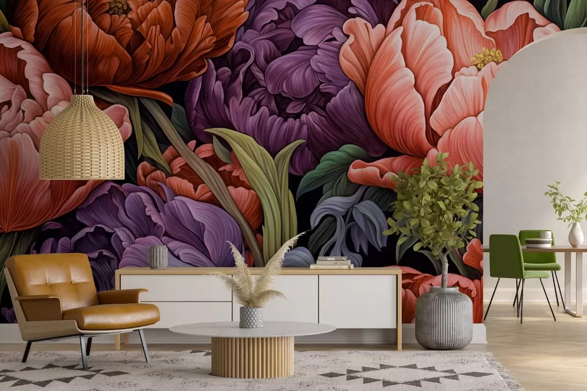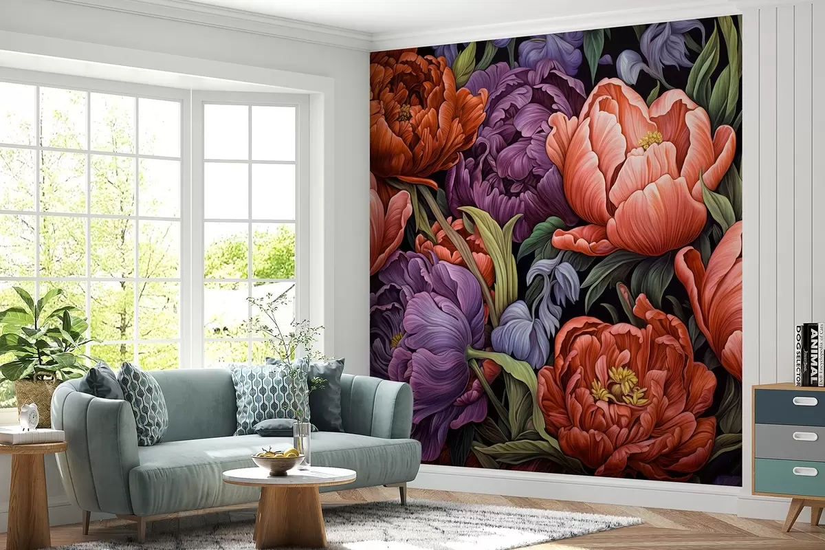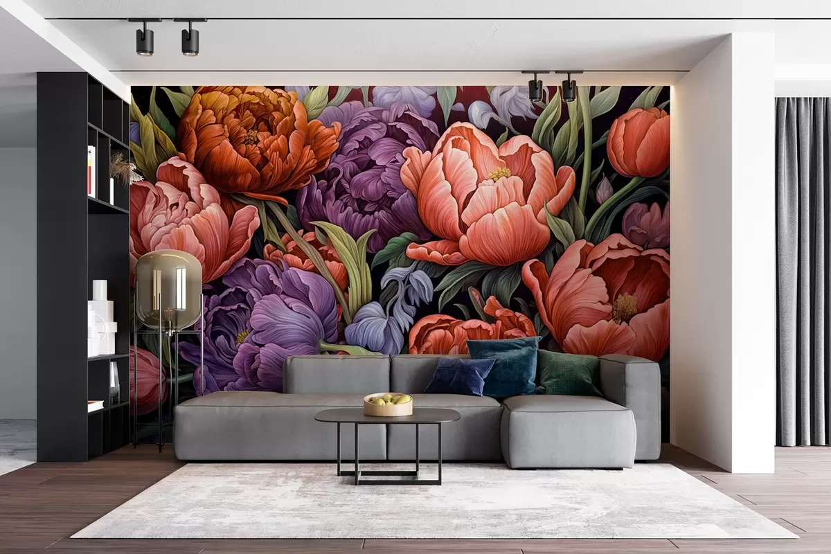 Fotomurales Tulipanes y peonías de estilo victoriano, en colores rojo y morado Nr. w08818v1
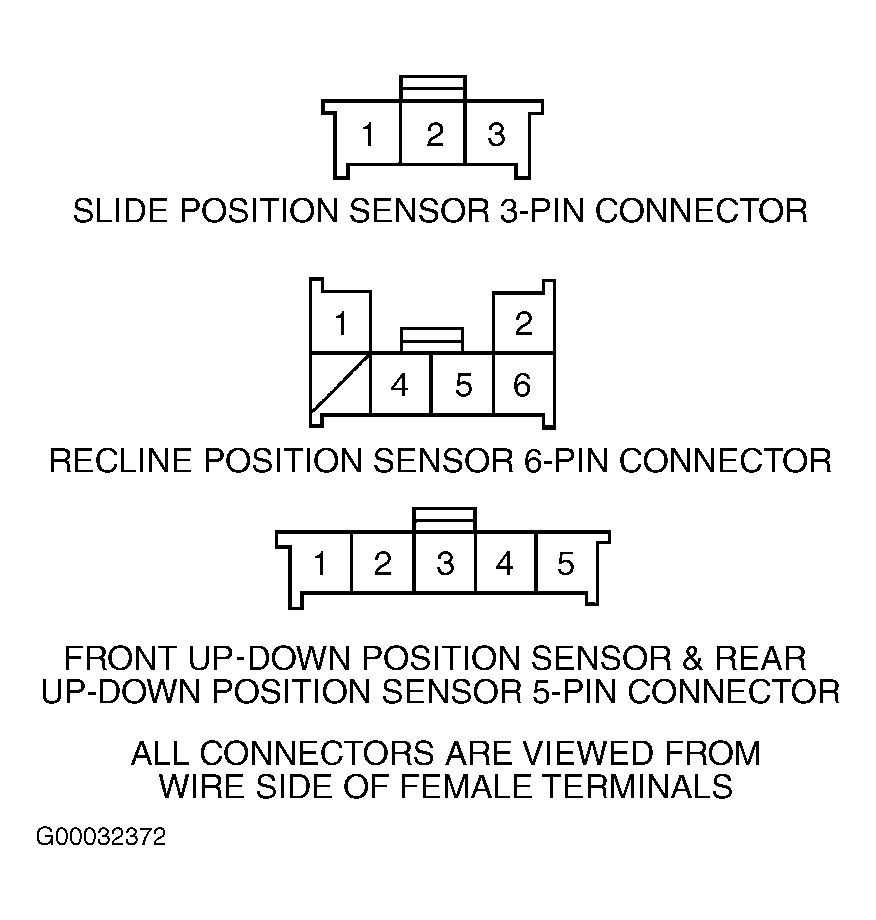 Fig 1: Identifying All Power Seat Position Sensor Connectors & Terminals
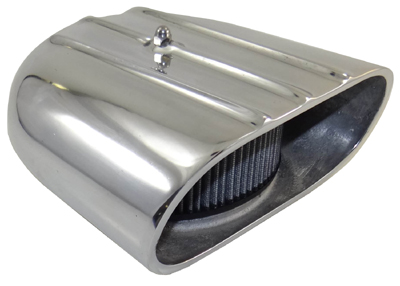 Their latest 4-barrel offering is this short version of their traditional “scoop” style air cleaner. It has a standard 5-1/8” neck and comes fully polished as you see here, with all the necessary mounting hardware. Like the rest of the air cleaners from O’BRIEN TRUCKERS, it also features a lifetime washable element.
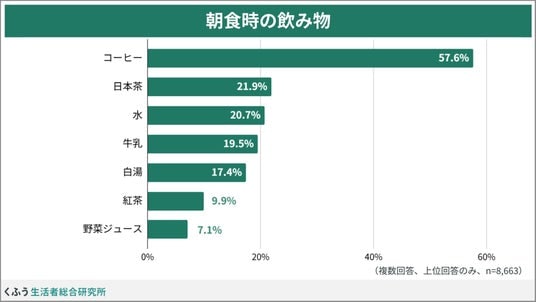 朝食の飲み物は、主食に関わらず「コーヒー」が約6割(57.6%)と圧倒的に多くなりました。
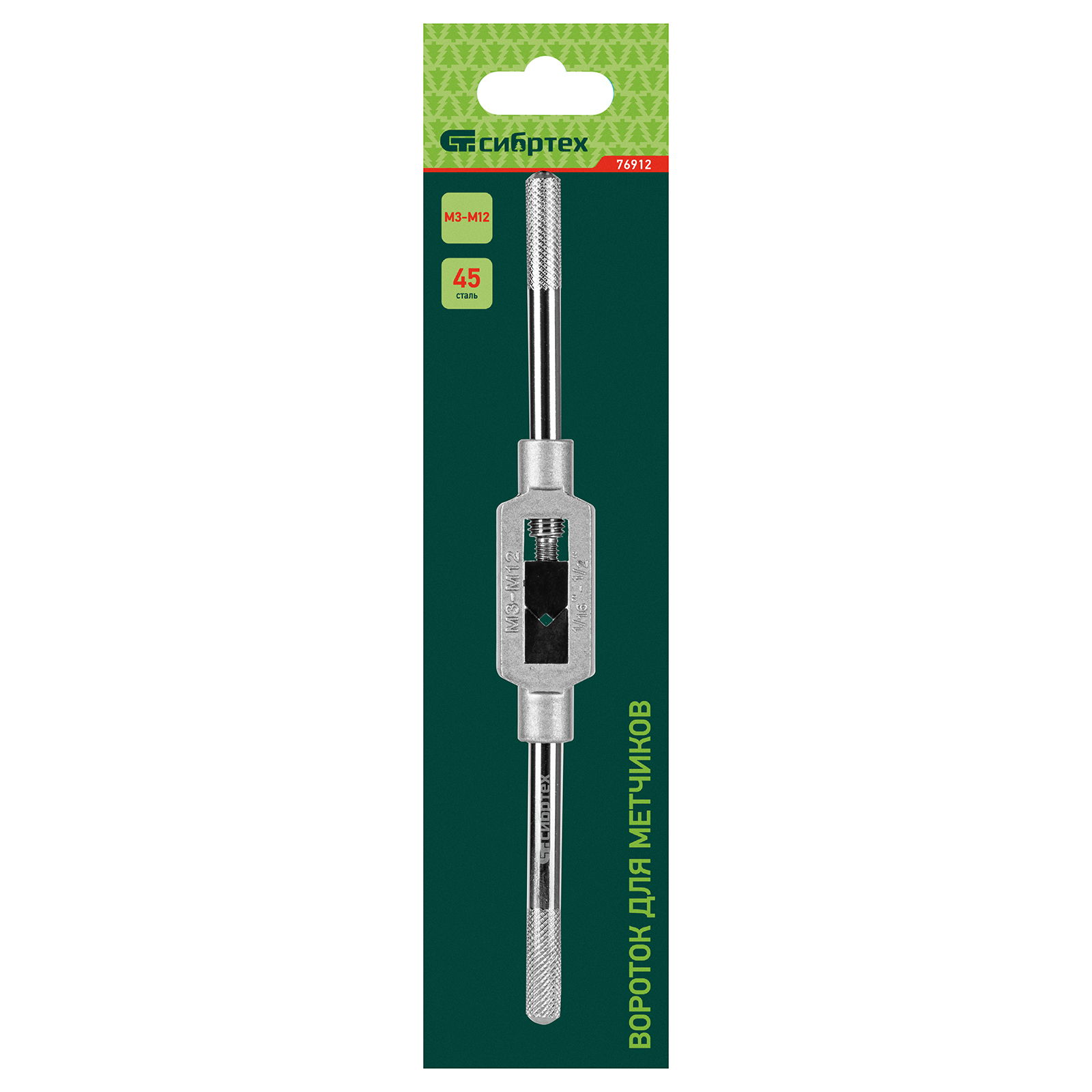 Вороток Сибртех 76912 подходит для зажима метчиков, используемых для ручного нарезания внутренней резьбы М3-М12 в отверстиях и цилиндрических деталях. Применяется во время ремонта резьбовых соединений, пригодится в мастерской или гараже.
☆ ☆ ☆ ☆ ☆ ☆ ☆
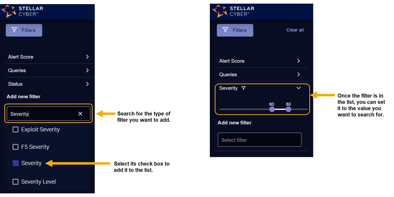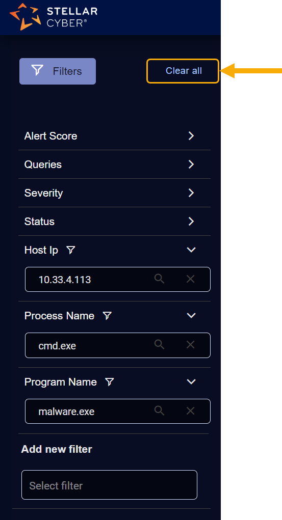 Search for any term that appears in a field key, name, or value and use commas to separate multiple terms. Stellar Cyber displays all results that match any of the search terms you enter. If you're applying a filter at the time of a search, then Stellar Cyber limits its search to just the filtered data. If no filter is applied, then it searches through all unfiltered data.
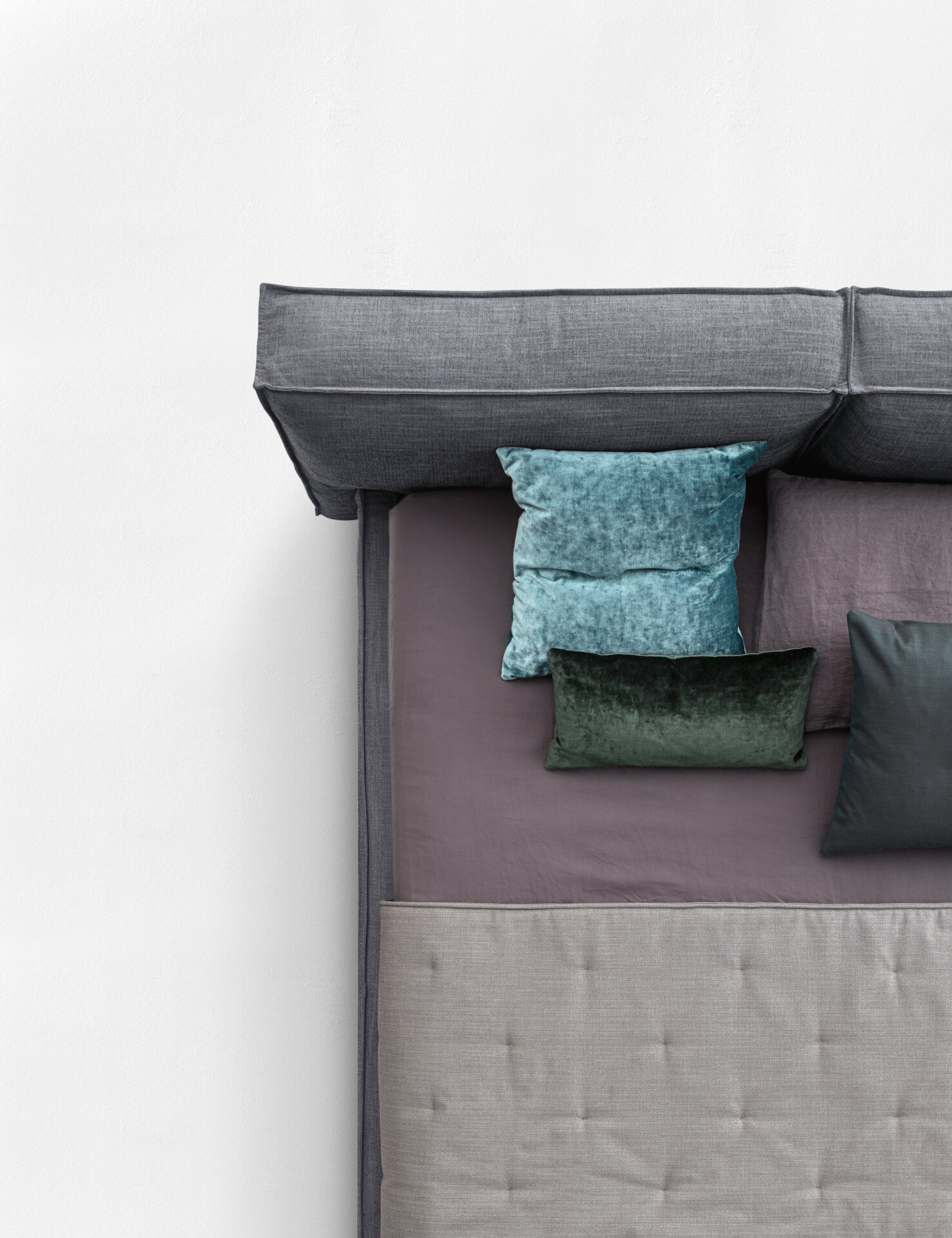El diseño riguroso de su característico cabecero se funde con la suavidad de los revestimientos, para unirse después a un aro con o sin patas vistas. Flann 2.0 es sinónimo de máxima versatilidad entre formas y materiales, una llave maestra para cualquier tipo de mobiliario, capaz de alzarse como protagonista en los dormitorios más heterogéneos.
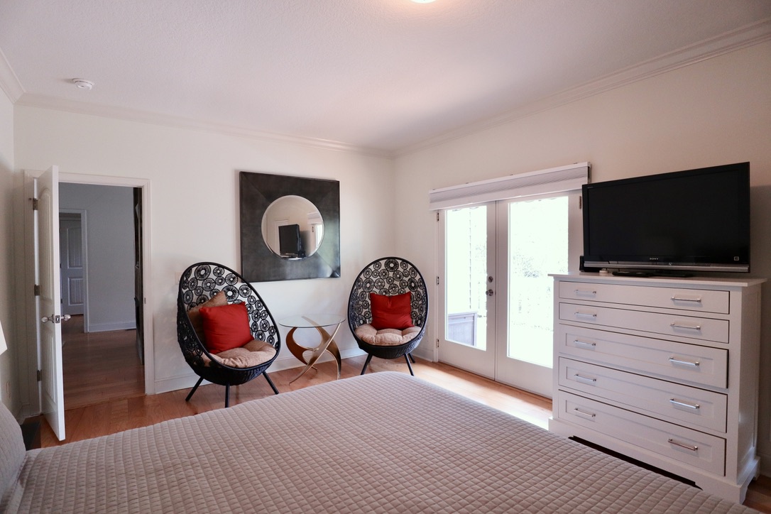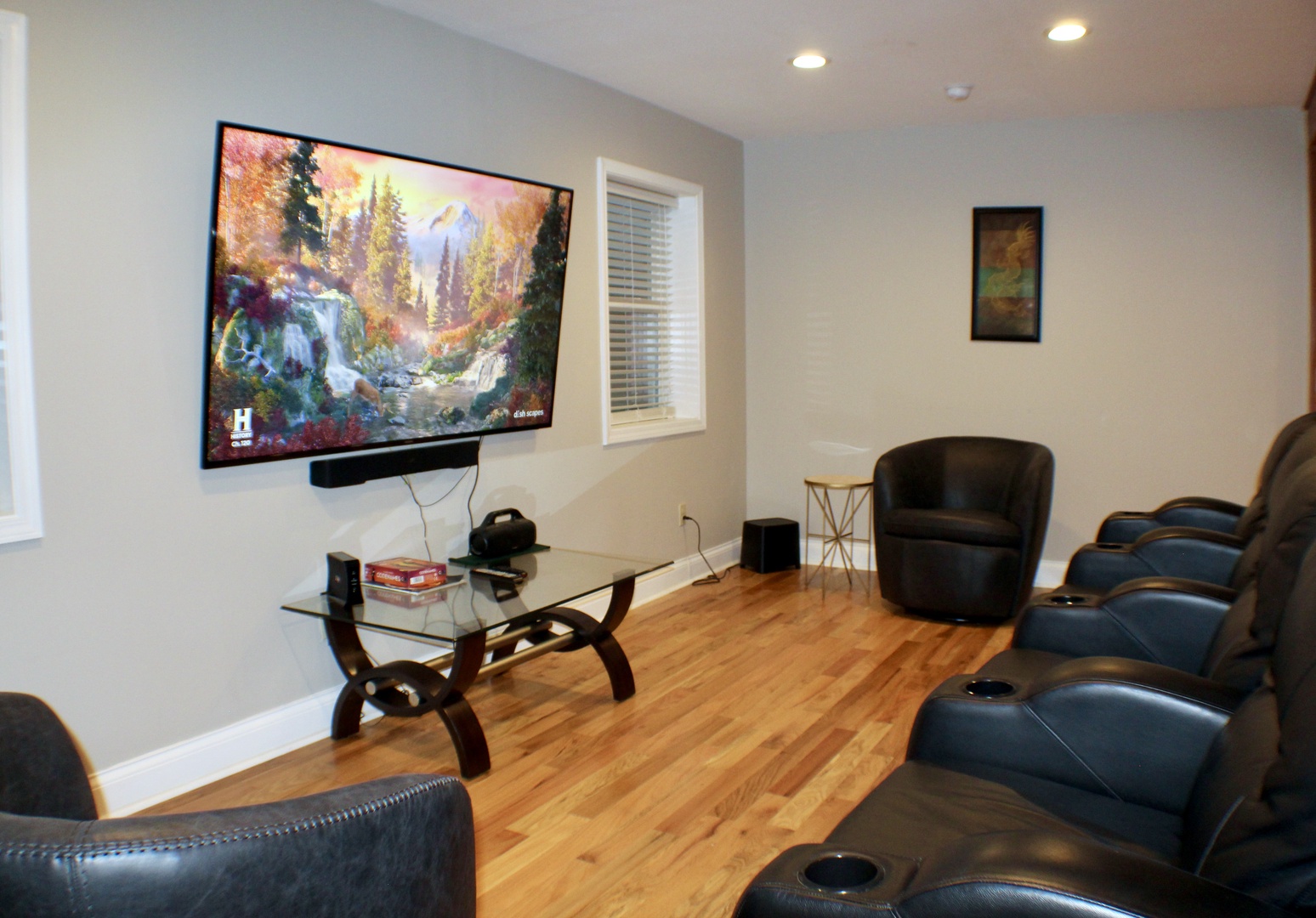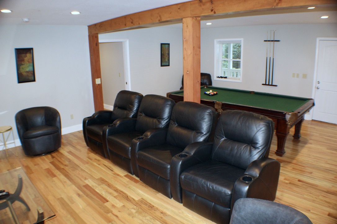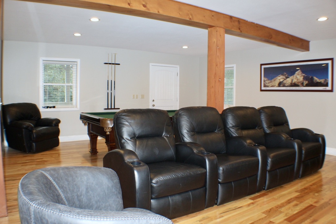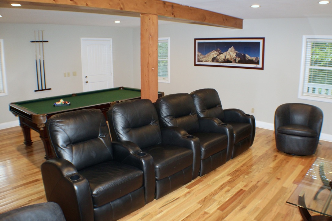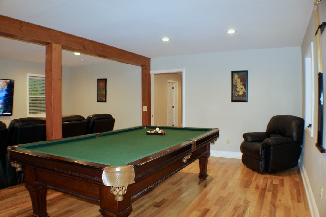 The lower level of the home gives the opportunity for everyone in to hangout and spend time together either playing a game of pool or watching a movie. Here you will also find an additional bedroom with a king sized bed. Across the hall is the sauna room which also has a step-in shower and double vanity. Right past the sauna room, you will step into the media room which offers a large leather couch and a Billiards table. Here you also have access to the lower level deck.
☆ ☆ ☆ ☆ ☆ ☆ ☆
[Work task] What you write must match the listing exactly, from the line with "Fotomurales Tulipanes y" up to and including the line with "Fig 1: Identifying". Pictures stay out.

[Response]
 Fotomurales Tulipanes y peonías de estilo victoriano, en colores rojo y morado Nr. w08818v1
 Fig 1: Identifying All Power Seat Position Sensor Connectors & Terminals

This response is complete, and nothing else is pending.